Myth One: Increasing FDI
percentage a threat to national security
Apprehensions were
being made that during operational emergencies, foreign investors can show
their back at us, shut their factories and choke their supplies to the armed
forces.
But
the irony is that India is procuring all critical weapon systems
produced/integrated abroad till today. It was not understood as to how India’s
security would get threatened if the same weapon systems would be
produced/integrated in India.
As regards
dependability during crisis situations, no foreign investor can risk loss of
his total investment by shutting down his production facilities. Further, all
major defence equipment producers follow ‘Global Factory’ concept, wherein
various manufacturing functions are spread over a number of locations in
different countries.
Most
importantly, adequate safeguards could have been incorporated while issuing
licenses. India could have reserved the right to take over the licensed
facility under certain extraordinary circumstances of national emergencies.
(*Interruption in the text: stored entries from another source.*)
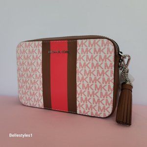 MICHAEL KORS Jet Set Medium Signature Logo Print Camera Bag-Geranium Multi
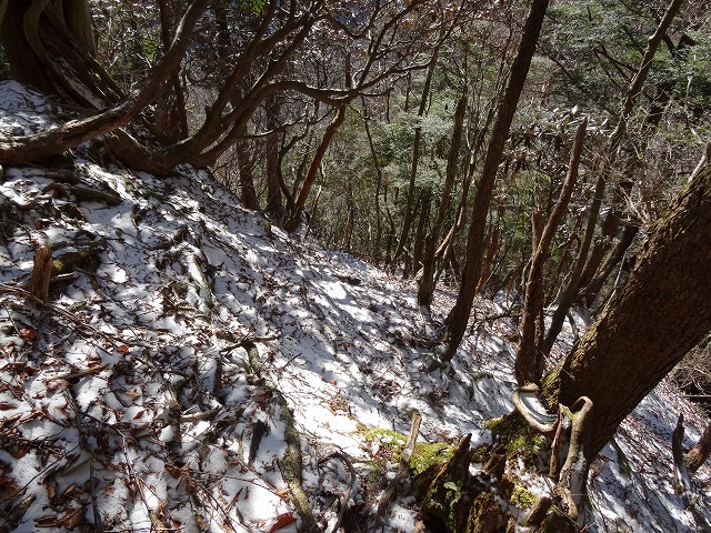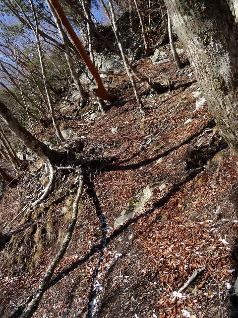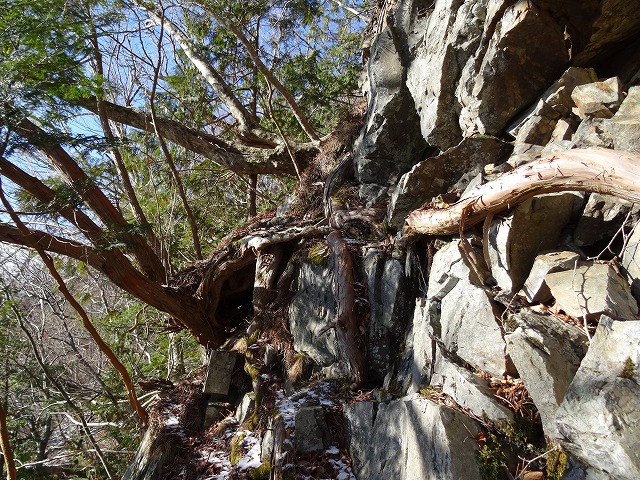 ここからさらに上の尾根端に登りつくまでが大変でした。急な斜面で手がかりになる木が少ないし、手がかり足がかりになる
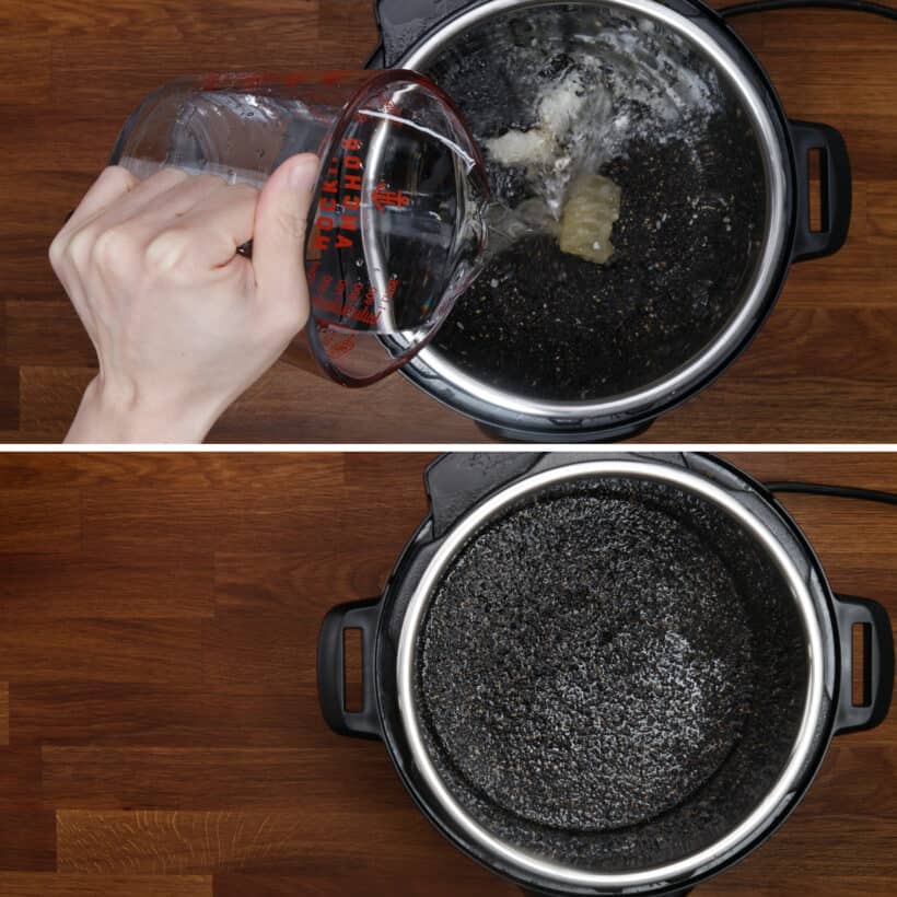 - Pressure Cook Black Sesame Soup: Add all ingredients in Instant Pot in the following order. Add in 1 cup (130g) roasted black sesame seeds, ¼ cup (58g) Jasmine rice, 5½ tbsp (69g) rock sugar, ¼ tsp (1.6g) coarse kosher salt, and 1 tsp (5ml) roasted sesame oil. Add in 3.5 cups (875ml) cold water. Make sure all rice is submerged in the cooking liquid. With Venting Knob in Venting Position, close the lid, then turn Venting Knob to Sealing Position. Pressure Cook at High Pressure for 3 minutes, then Natural Release for 10 minutes. Carefully open the lid.
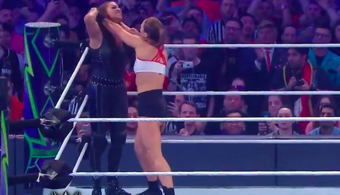 Last night, amid the exciting WrestleMania 34 festivities, former UFC women’s bantamweight champ Ronda Rousey partook in her first WWE match, teaming up with fellow Olympian Kurt Angle to thrash HHH and Stephanie McMahon.
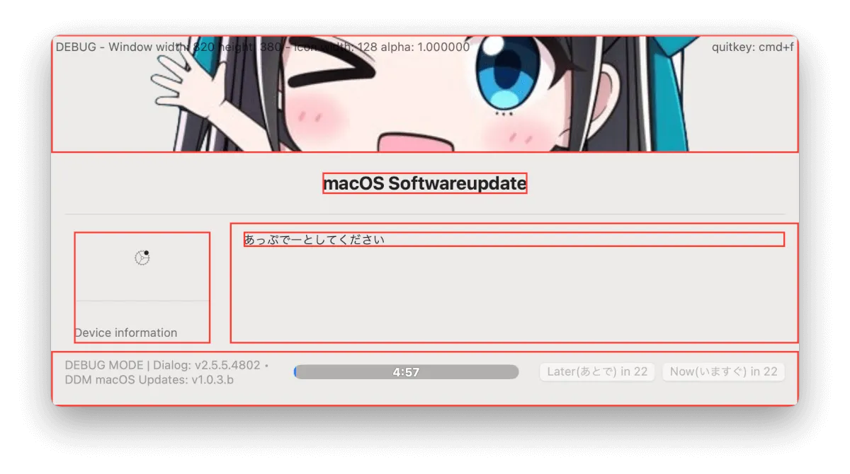 Hello %REAL_NAME%,\n\nA system update is available for your Mac.\n\nClick **%Install_Button_Custom%** to proceed with the software update and install the update.\n\nIf you are unable to start the process at this time, you have the option to defer it.\n\nThe update will be automatically enforced by **%forceInstallLocalDateTime%** at the latest. The process takes about 30 minutes.\nYou can install the macOS software update at any time yourself.\n\nTo do so, please go to:\n\n > System Preferences > Software Update\n\nOr click **%Install_Button_Custom%** to open System Preferences.\n\nIn System Preferences, you can then click **Update Now**, and the device will restart.- テストで作成したサンプル
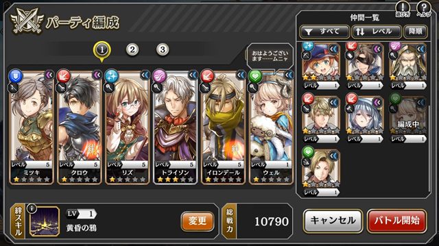 คนเล่นจะสามารถจัดทีมได้ทั้งหมด 6 ตัวละคร และในเกมจะจัดลำดับแถวตัวละครให้อัตโนมัติว่าใครอยู่แนวหน้าหรือแนวหลัง ในเกมจะมีการแบ่งธาตุออก แต่ทั้งนี้ระบบธาตุในเกมนี้จะแบ่งตามสายอาชีพด้วย จึงทำให้แต่ละธาตุนั้นจะล็อคไปเลยว่า ธาตุไหนเป็นสายอาชีพอะไร จึงค่อนข้างง่ายในการเลือกจัดทีมตัวละคร
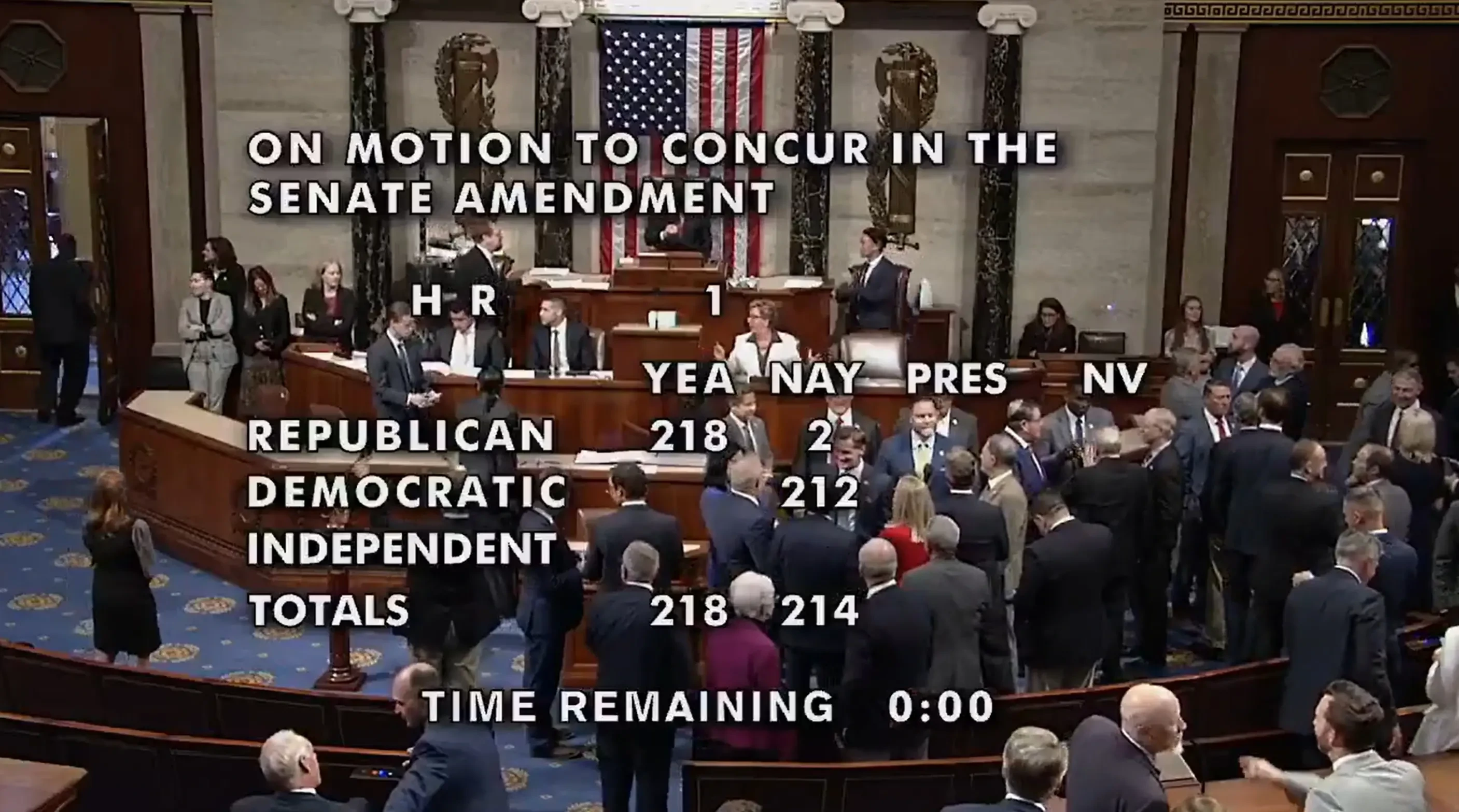 7 月 3 日,众议院再度表决参院版本,以 218 票对 214 票的相同差距完成最终通过。期间,民主党领袖杰弗里斯为拖延程序,单人演讲达 8 小时 46 分钟,创下众议院最长记录。
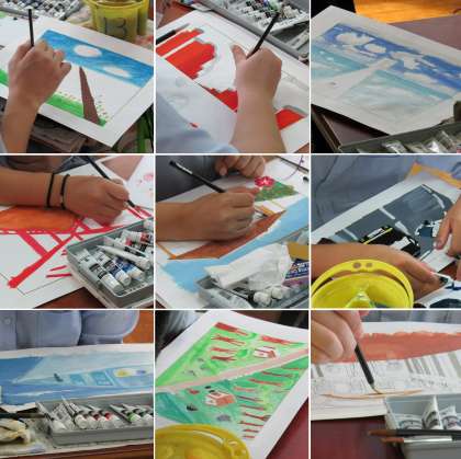 3年2組の美術科の授業では、前回の続きで、「旅する私」というテーマで一点透視による平面作品を制作しました。
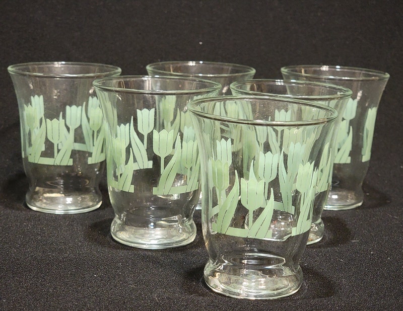 Vintage 1960s Libbey Green Mint Tulip Juice Glasses Set of 6, MCM Juice Glasses, Vintage Libbey Glasses, Vintage Green Tulip Glasses-sid-63288
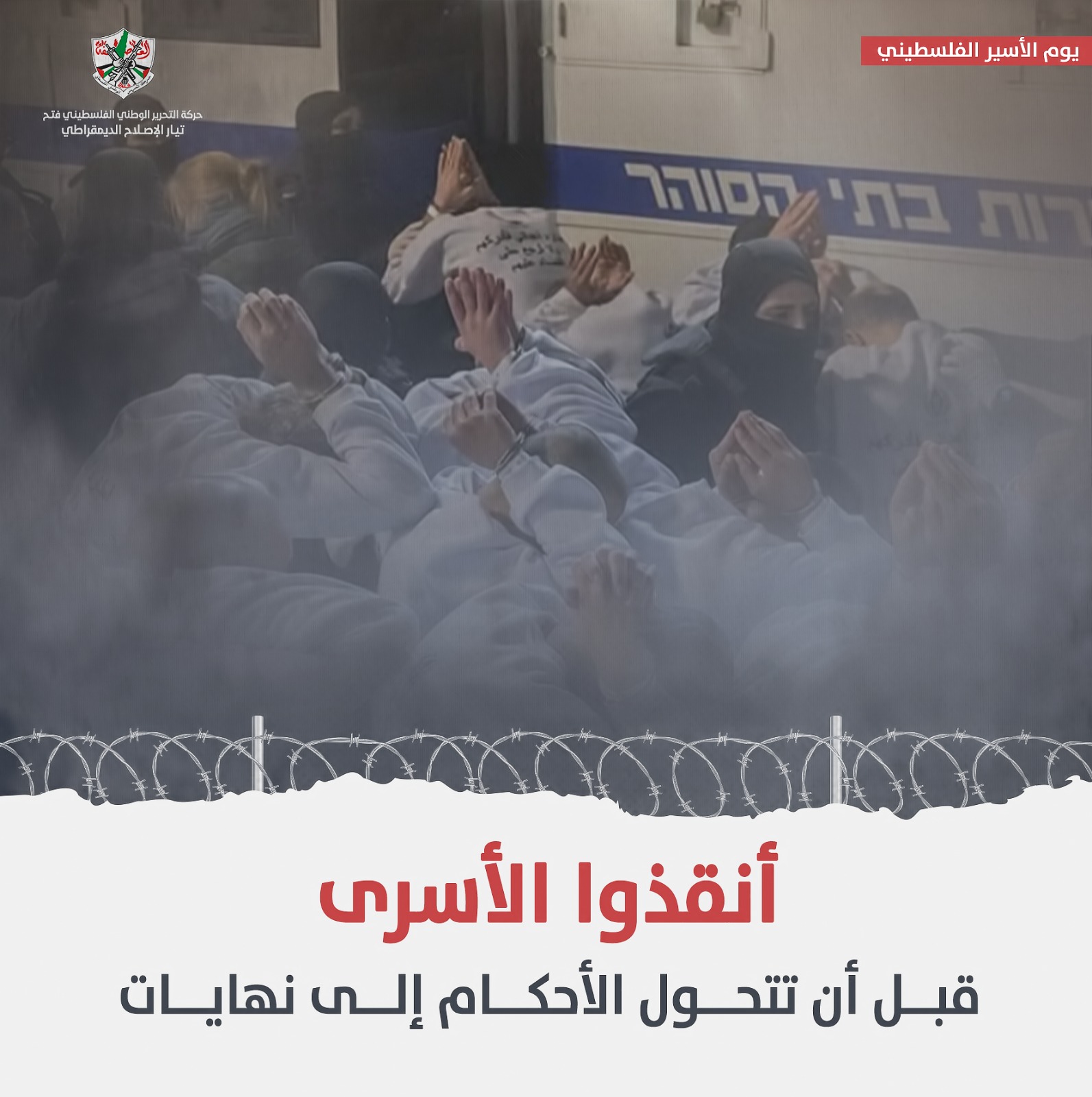 أطلق تيار الإصلاح الديمقراطي في حركة فتح، اليوم الخميس، حملة إعلامية إلكترونية واسعة، إسنادًا للأسرى الفلسطينيين في سجون الاحتلال، وذلك تزامنًا مع إحياء يوم الأسير الفلسطيني.

Most nations include such an enabling provision then why not India. Fears
expressed were totally unfounded and highly exaggerated.
Myth Two: Indian policy
was highly investor friendly and did not require any changes
According to the UPA and
previous government MoDs FDI in defence (26 %) was highly investor friendly and
required no changes. However, if we look by the investor company perspective,
there was nothing for them till now. Management would be under the control of
India, the CEO had to be Indian resident and a foreign investor could not
transfer his equity before the expiry of license.
Oddly, India
expected a prospective foreign investor to be excited by such an asymmetrical
policy wherein he was expected to invest his resources in a venture where he had
no significant control, faced strict capacity/product constraints, no purchase
guarantee and had no open access to other markets (including exports). It
defied logic. Such a lop-sided policy can never attract FDI.
The new budget
has definitely a lot to offer. The outcome will definitely get unwrapped in
couple of months and the list of investors taking interest in it. There is a
need of retrospection in every sector. Every budget in every year promises in
the same way but the execution. With a new government and the famous ‘Achche
Din’ let’s hope the execution proves the mettle on the people’s expectation.